Any goal info relies on sure assumptions as to future occasions which can not show to be realised. As a result of uncertainty surrounding these future occasions, the targets are usually not supposed to be and shouldn’t be considered earnings or earnings or some other kind of forecasts. There could be no assurance that any of those targets will likely be achieved. As well as, no assurance could be provided that the funding goal will likely be achieved.
The figures offered that relate to previous months or years and previous efficiency can’t be relied on as a information to future efficiency or construed as a dependable indicator as to future efficiency. All through this overview, the quotation of particular trades or methods is meant for instance a few of the funding methodologies and philosophies of Volta Finance, as carried out by AXA IM. The historic success or AXA IM’s perception sooner or later success, of any of those trades or methods just isn’t indicative of, and has no bearing on, future outcomes.

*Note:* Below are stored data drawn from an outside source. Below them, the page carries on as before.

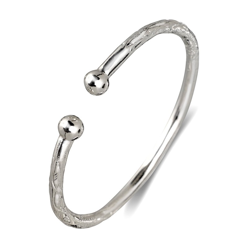 Better Jewelry Ball Solid .925 Sterling Silver Thick West Indian Bangle, 1 piece
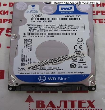 Характеристики жесткого диска WD5000LPVT:
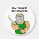 This funny woodturning design has a burly cartoon guy with a scowl, holding a sharp chisel. It reads, "Real Turners Use Scrapers."
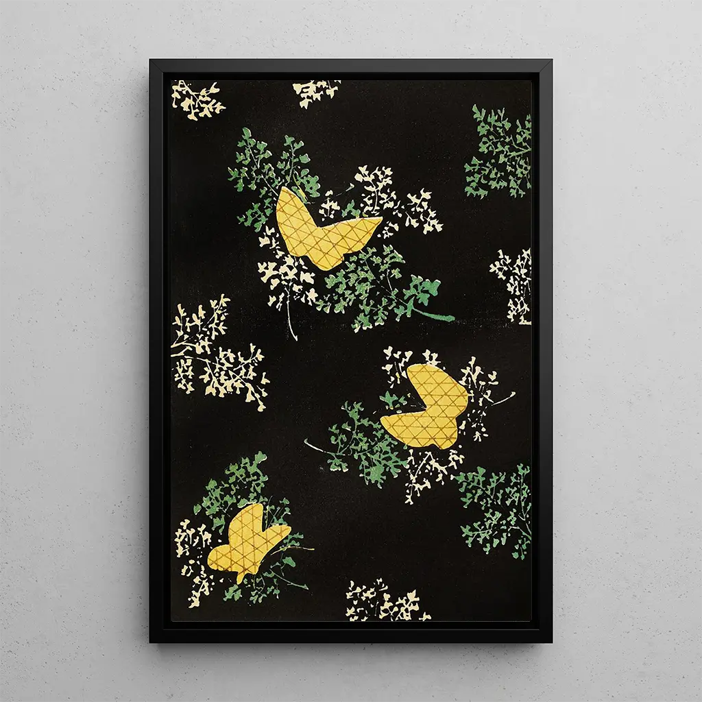 Den konsttryck av Bijutsukai Pl56 förflyttar oss till en värld där naturen hyllas med grace och poesi. De livfulla färgerna och de blomsterinspirerade mönstren flätas samman harmoniskt, vilket skapar en komposition som är både dynamisk och lugnande. Tekniken med sidenmålning, som är karakteristisk för Furuya Korin, ger detta verk en ljusstyrka och djup som fängslar betraktaren. Varje detalj, från de delikata kronbladen till de frodiga bladen, tycks vibrera av ett eget liv och bjuder in åskådaren att fördjupa sig i denna skildring av naturlig skönhet.
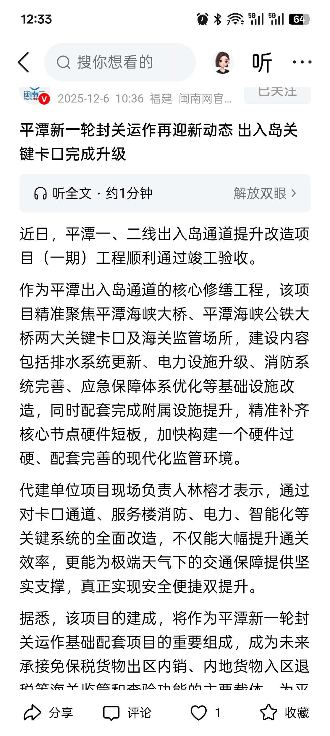 $海峡创新(SZ300300)$ 平潭又有新进展,通关出入关口,升级完成!!不远了,离平潭封关!!!

The valuation of monetary property can fluctuate considerably from the costs that the AXA IM might receive if it sought to liquidate the positions on behalf of the Volta Finance on account of market circumstances and basic financial setting. Such valuations don’t represent a equity or related opinion and shouldn’t be considered such.
Editor: AXA INVESTMENT MANAGERS PARIS, an organization integrated below the legal guidelines of France, having its registered workplace positioned at Tour Majunga, 6, Place de la Pyramide – 92800 Puteaux. AXA IMP is allowed by the Autorité des Marchés Financiers below registration quantity GP92008 instead funding fund supervisor throughout the that means of the AIFM Directive.